You have the same hot summers as I do - do your Alpines handle the heat well? do you shave them? Also, that black & white goat on your website is very pretty!


----------



## prairie nights (Jan 16, 2009)

Two of the local Nubian breeders added Alpines, last I heard the Alpine bucks jumped the fences, of course, into the Nubian pen. They seem very athletic. They also seem to have a large bone structure and tend to get bigger/heavier than the Nubians.

Linda, shaving is not a big issue and lasts a long while, we shave all goats here in the spring, they look better, you can take updated pictures for your website, the udders stay neater when shaved, etc. Alpine or what have you, don't let the shaving steer your decision. Once they kid and have the bloody discharge all over their hair, you will WANT to shave them, really. You will also want to shave all the urine off your bucks come spring 

I do not have Alpines, admire their conformation and beautiful udders at a friend's farm, but won't be buying any. Folks are hosing even their Nubians down in only 94 degrees, but again, plenty of shade, cool water, etc. will make a world of a difference. Folks from Texas can give you a better idea if they see the milk production drop in hot summers or not. 

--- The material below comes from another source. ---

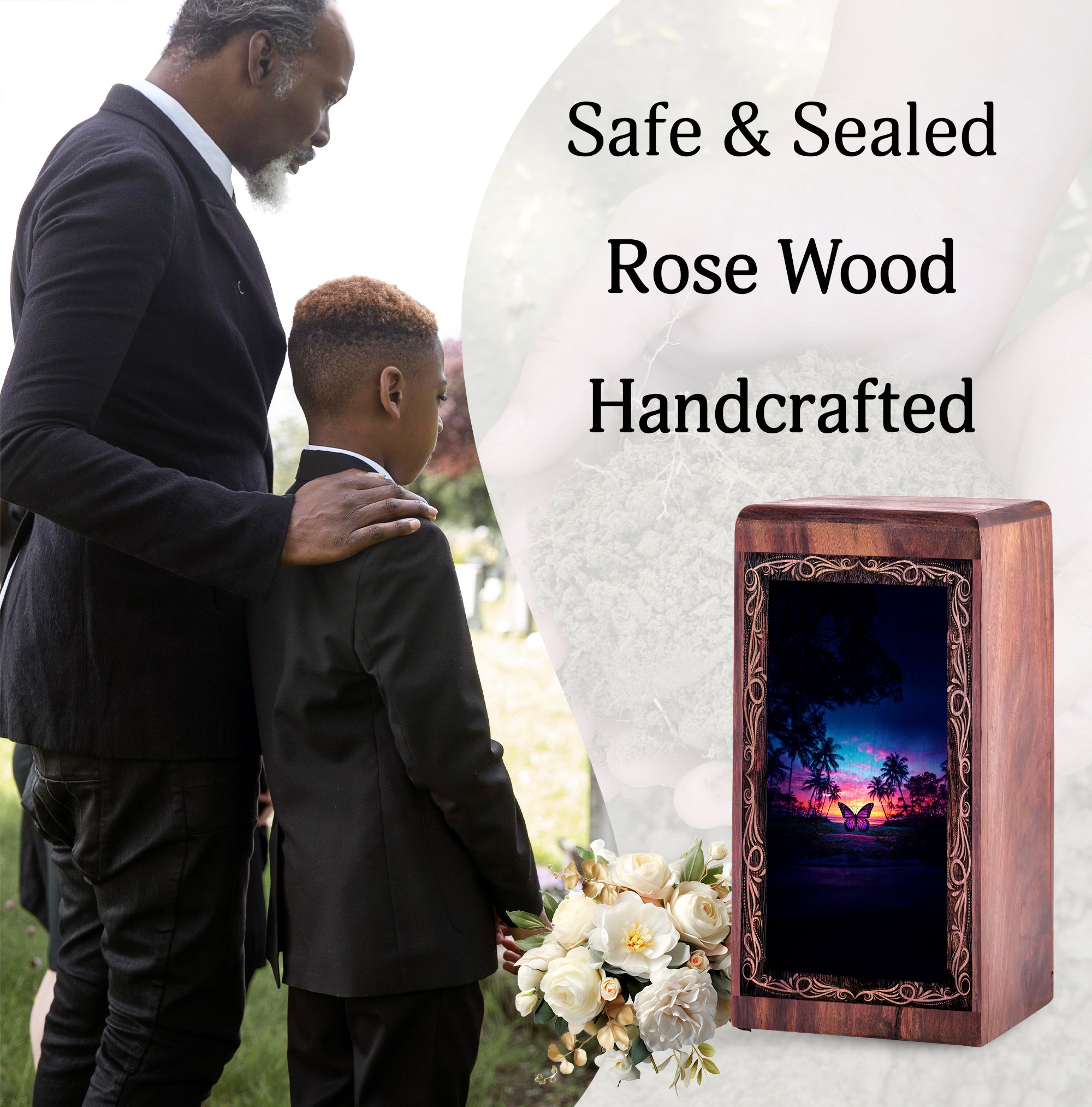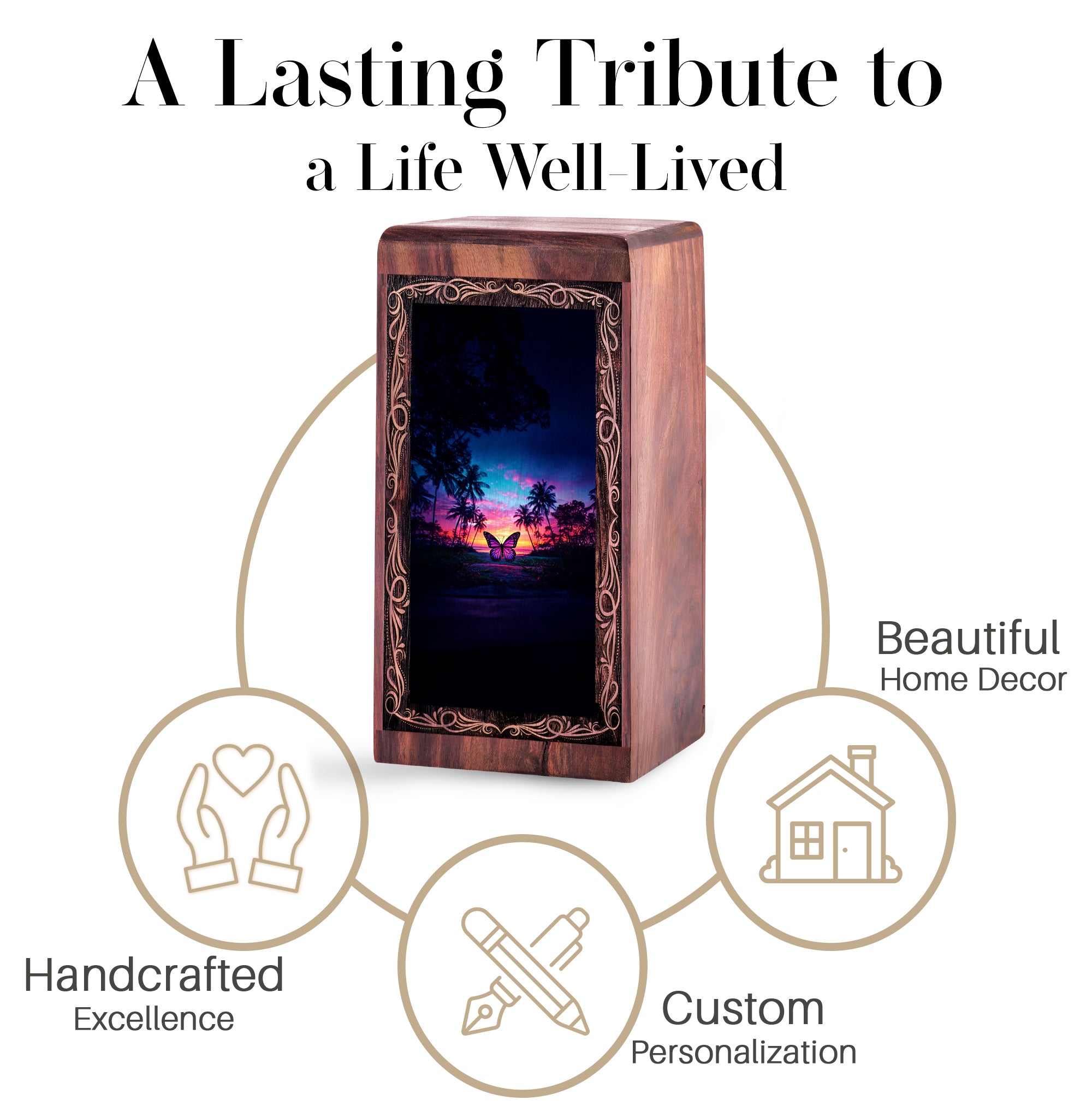 Expertly crafted, this handmade wood urn box blends artistic elegance with lasting durability. The soothing beach night scene combined with delicate butterfly details creates a calming visual, making it a perfect cremation urn wooden box for both display and burial. This wood cremation urn for human ashes is thoughtfully designed to function as a wood box urn for ashes, offering both practicality and elegance. Its smooth finish and sturdy structure make it one of the finest wood funeral urns, suitable as a wood cremation urn for adult use or even as a wood pet urn for smaller keepsake needs. The versatile design allows it to serve as a wood urn box, cremation urn wood, or wood boxes for shared remembrance.

Taste the milk for yourself, compare and decide, if the milk taste (richness) is a factor for you or not. 

Jana


----------



## adillenal (Feb 6, 2009)

Well, I rough clip all of my does in the spring to get rid of the longer hair for warm weather and I just think they look better and take the heat better. Regardless of breed.


----------



## Nana (May 12, 2010)

I just love my Alpines. They are so curious and have wonderful facial expressions. I think their milk tastes
wonderful when chilled with an ice bath. The cheese is good also. I also have a fainting goat but he is more
like a pig than a goat and eats everything in sight. His days are limited because I am going to eat him. My 
children think he should be a pet but I disagree. I thin he will have a lot of meat on him. :biggrin


----------



## Squires (Jul 23, 2010)

stoneyheightsfarm said:


> ...I'm not crazy about her milk--has an aftertaste if I don't include BOSS in her diet


What is "BOSS" ? A supplement or feed? What supplements or feeds improve the taste of the milk, and which ones make it taste "off"?


----------



## NubianSoaps.com (Oct 26, 2007)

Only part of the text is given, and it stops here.